EXERCISE INSTRUCTIONS - Include the line containing "Daily UV dose:   erythemal" and all lines before it, repeated exactly from the listing below, without pictures.

RECORDS TO PROCESS -
*-*-*
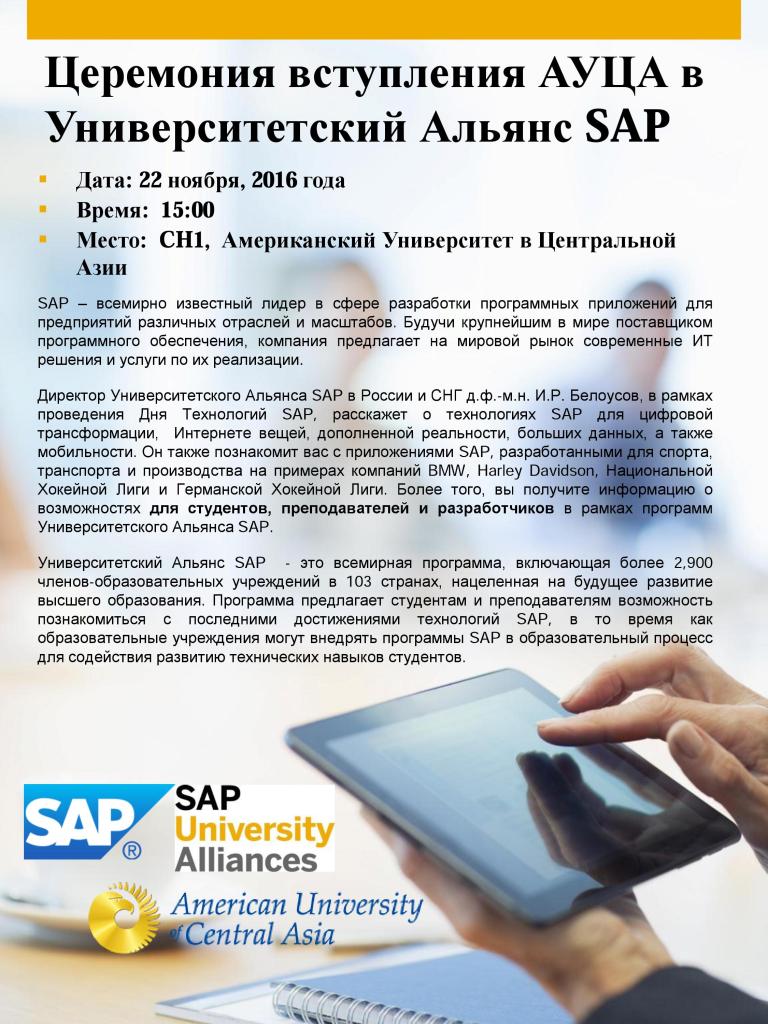 22 ноября 2016 года, Американский Университет в Центральной Азии (АУЦА) и компания SAP, лидер на рынке корпоративных приложений, впервые в Кыргызстане заключат соглашение о вступлении вуза в Университетский Альянс SAP.
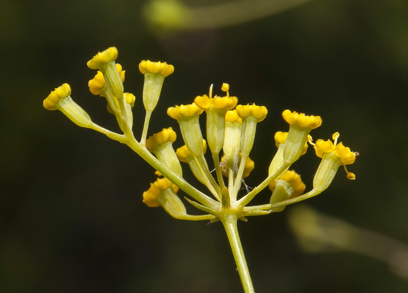 Krone gelb, Dolde 2 - 5- strahlig, jedes Döldchen mit 3 - 10 Blüten
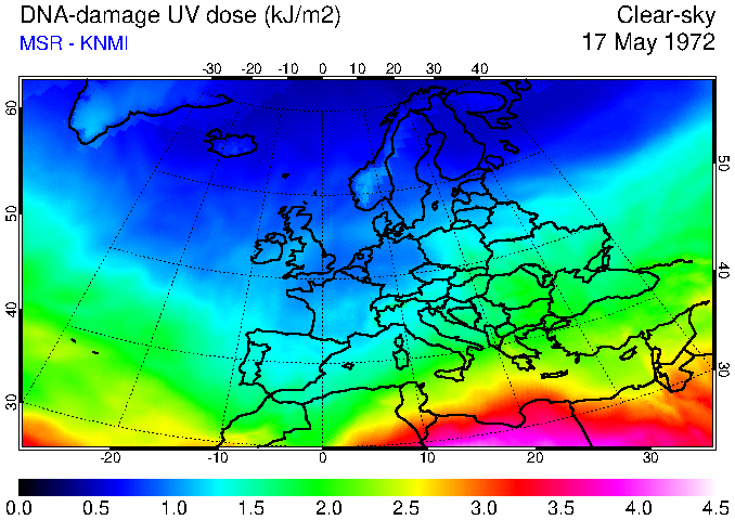 Daily UV dose:   erythemal  |  vitamin-D  |  DNA-damage
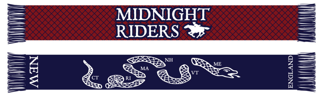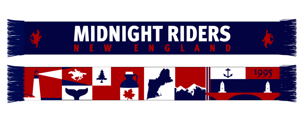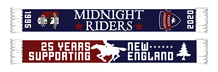 Below is a gallery of past Midnight Riders scarves. Each year we host a design competition for the new scarf so that all scarves are designed by, and chosen by our members.
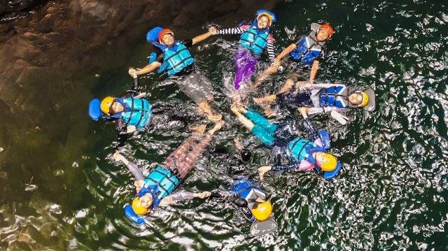 Salah satu syarat untuk melakukan body rafting adalah membawa rombongan minimal 10 orang.
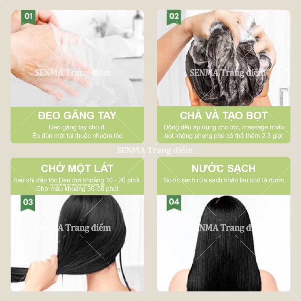 Dầu Gội Nhuộm Tóc Thảo Dược 10 Gói 300ml-Phủ Bạc Tự Nhiên,Lên Màu Chuẩn Đen/Nâu & Dưỡng Tóc Mềm Mượt
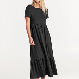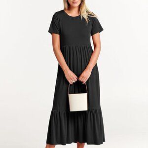 Womens 2025 Summer Casual Maxi Dress A line Tiered Flowy Short Sleeve Crewneck T
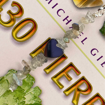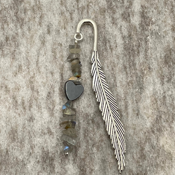 Ce magnifique marque-page allie la beauté de la labradorite et de l’hématite taillée en forme de cœur.
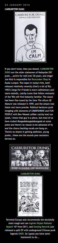 If you don’t know, then you should. CARBURETOR DUNG are the elder statesmen of Malaysian DIY punk….active for well over 20 years, and singer Joe Kidd is responsible for Ricecooker Shop in Kuala Lumpur. Two tapes in today’s link, both reissued relatively recently (that’s a lot of Rs). 1993’s Songs For Friends is more rudimentary and more melodic, catchy tunes that fellow remnants of the ’90s will find instantly familiar. The sound had been fine tuned by the time The Allure Of Manure was released in 1999, and the attack was faster and more precise. Political hardcore punk mingling with elements of CRIMPSHRINE and FUN PEOPLE with Ben Weasel caliber catchy lead vox (yeah, I know that guy is a piece, but most of us have rocked Boogadaboogadaboogada at some point and there’s no reason to be ashamed of it) and the chorus backing vocals are bang on. There’s no shame in getting addicted, young punks…these are the sounds your ancestors thrived on.
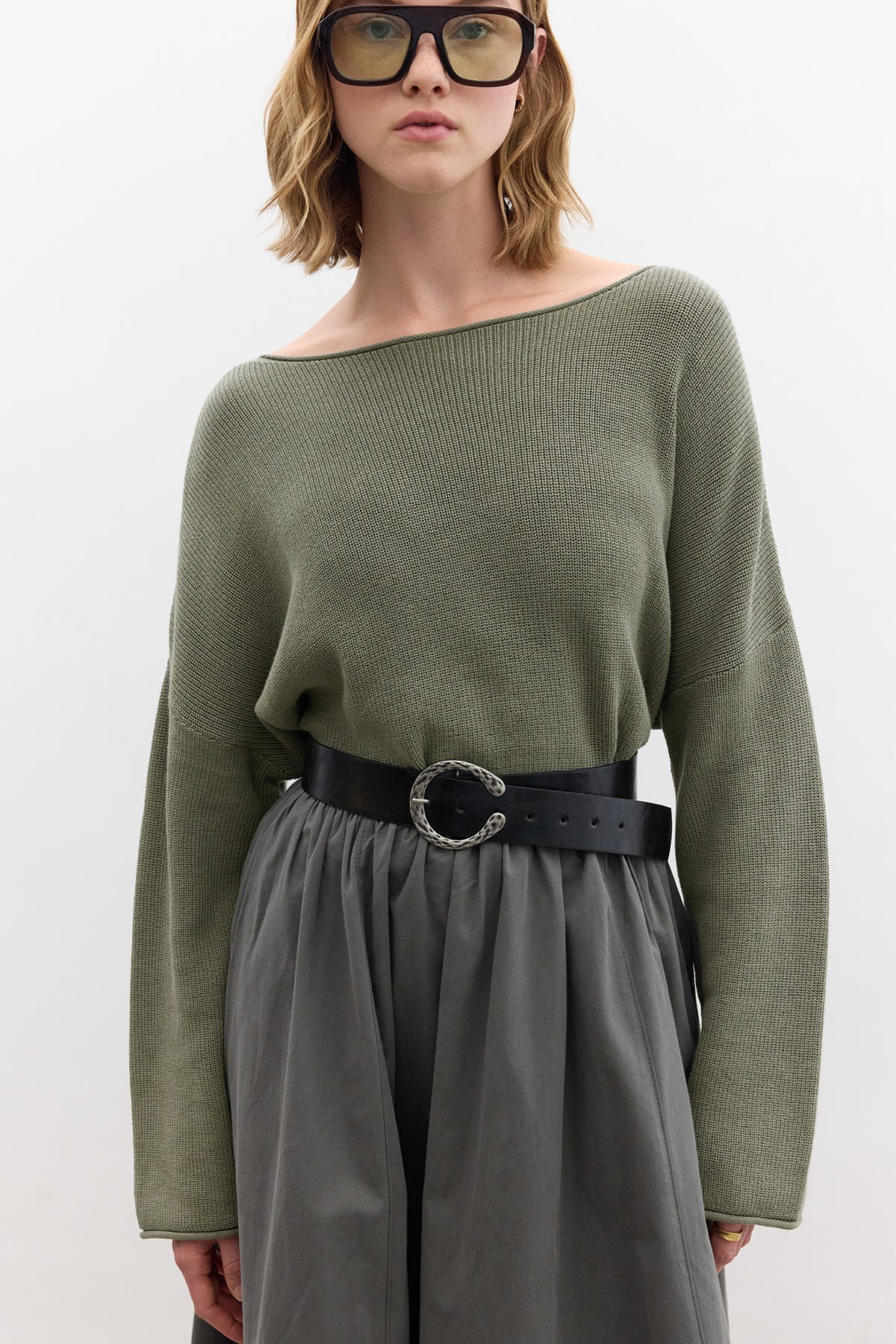 Büyük Boy Drapeli Pamuklu Kazak Haki
*-*-*
SOLUTION FOR THIS PROBLEM -
 22 ноября 2016 года, Американский Университет в Центральной Азии (АУЦА) и компания SAP, лидер на рынке корпоративных приложений, впервые в Кыргызстане заключат соглашение о вступлении вуза в Университетский Альянс SAP.
 Krone gelb, Dolde 2 - 5- strahlig, jedes Döldchen mit 3 - 10 Blüten
 Daily UV dose:   erythemal  |  vitamin-D  |  DNA-damage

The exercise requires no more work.